Repeat the records below exactly from the line containing "Brews both coffee" to the line containing "В бизнес зале", taking in both of those lines. Drop the pictures.

### Data provided
□ □ □ □

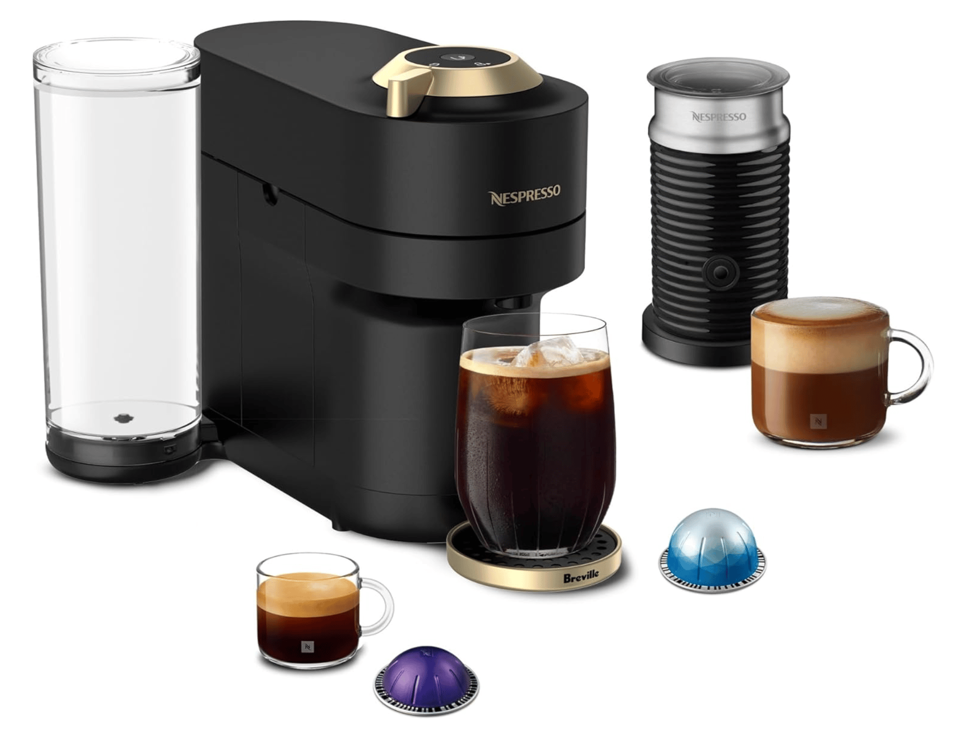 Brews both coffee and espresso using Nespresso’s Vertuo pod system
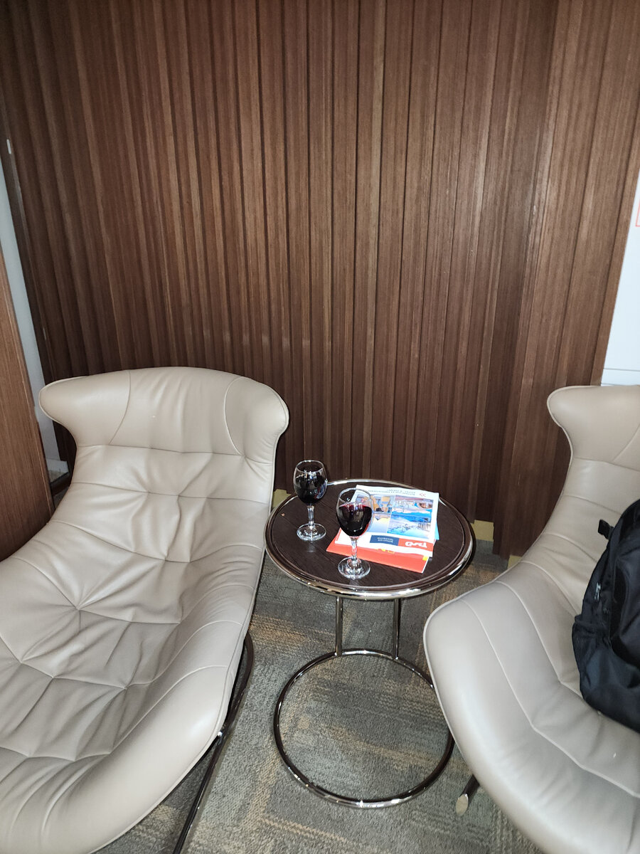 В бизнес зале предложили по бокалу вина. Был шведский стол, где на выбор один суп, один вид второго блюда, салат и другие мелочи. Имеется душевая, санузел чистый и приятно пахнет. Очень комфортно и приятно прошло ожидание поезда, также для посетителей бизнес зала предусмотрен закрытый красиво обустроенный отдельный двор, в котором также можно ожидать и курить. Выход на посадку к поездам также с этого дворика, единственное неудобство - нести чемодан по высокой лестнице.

□ □ □ □

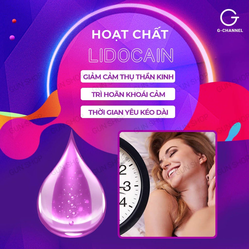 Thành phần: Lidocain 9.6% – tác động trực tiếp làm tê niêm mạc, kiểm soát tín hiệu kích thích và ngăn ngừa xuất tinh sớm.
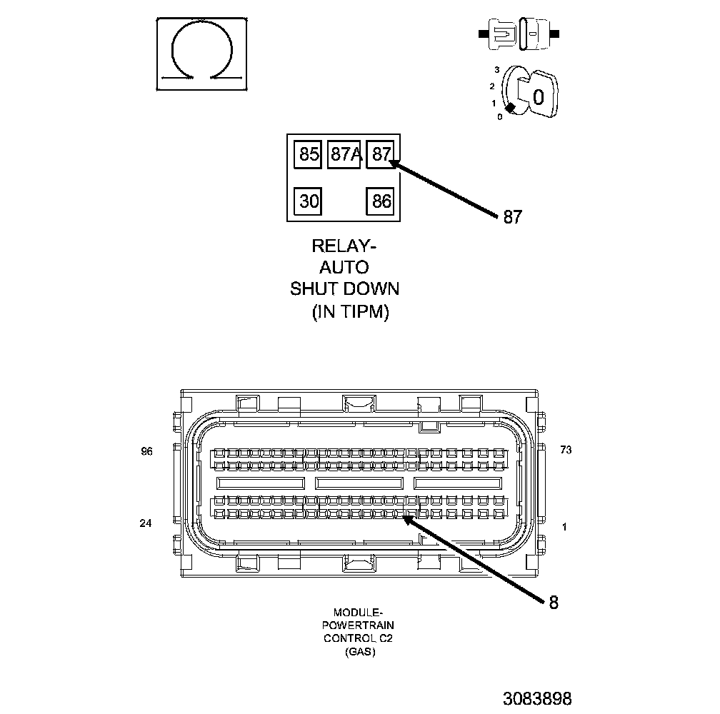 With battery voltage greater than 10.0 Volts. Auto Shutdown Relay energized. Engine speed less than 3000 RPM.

□ □ □ □

### Exercise result
 Brews both coffee and espresso using Nespresso’s Vertuo pod system
 В бизнес зале предложили по бокалу вина. Был шведский стол, где на выбор один суп, один вид второго блюда, салат и другие мелочи. Имеется душевая, санузел чистый и приятно пахнет. Очень комфортно и приятно прошло ожидание поезда, также для посетителей бизнес зала предусмотрен закрытый красиво обустроенный отдельный двор, в котором также можно ожидать и курить. Выход на посадку к поездам также с этого дворика, единственное неудобство - нести чемодан по высокой лестнице.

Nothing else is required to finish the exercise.